*Exercise details*
Once the line holding "강제로 자료형 지정하고" is found in the listing below, write it out and each later line exactly, up to and including the one holding "My EnergyHub allows".

*Provided data*
######

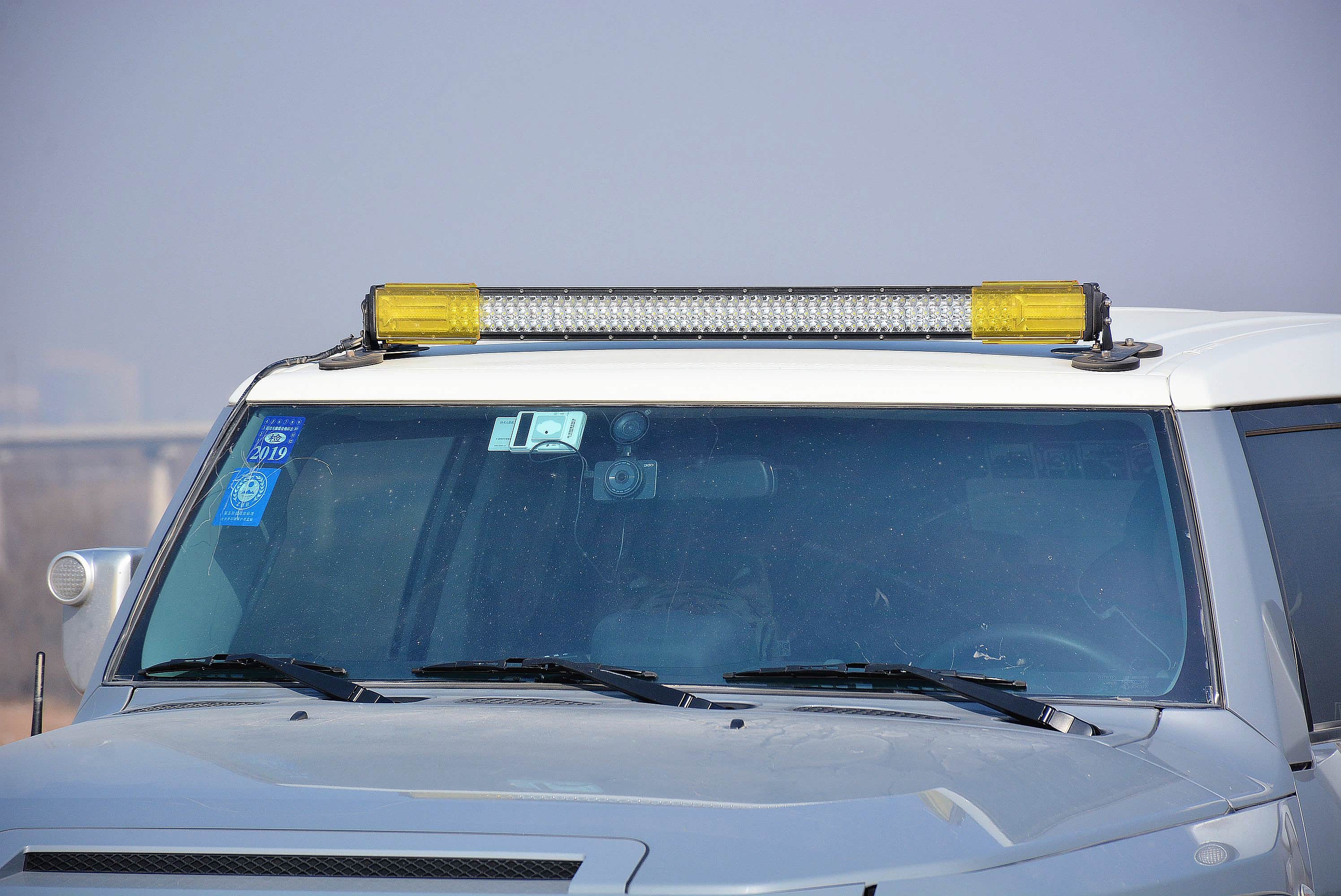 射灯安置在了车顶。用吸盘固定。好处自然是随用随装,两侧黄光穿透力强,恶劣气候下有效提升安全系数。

######

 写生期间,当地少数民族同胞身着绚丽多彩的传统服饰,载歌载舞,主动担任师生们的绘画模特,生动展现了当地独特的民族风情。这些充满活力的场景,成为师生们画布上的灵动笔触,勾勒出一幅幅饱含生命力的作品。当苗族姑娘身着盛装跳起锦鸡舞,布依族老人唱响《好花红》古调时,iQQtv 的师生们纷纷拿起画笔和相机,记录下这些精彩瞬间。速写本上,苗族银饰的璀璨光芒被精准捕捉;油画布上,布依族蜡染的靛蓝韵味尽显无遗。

######

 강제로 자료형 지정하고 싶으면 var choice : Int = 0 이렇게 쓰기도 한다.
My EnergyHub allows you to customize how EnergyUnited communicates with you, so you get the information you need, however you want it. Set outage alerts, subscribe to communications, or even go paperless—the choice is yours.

######

*Task response*
 강제로 자료형 지정하고 싶으면 var choice : Int = 0 이렇게 쓰기도 한다.
My EnergyHub allows you to customize how EnergyUnited communicates with you, so you get the information you need, however you want it. Set outage alerts, subscribe to communications, or even go paperless—the choice is yours.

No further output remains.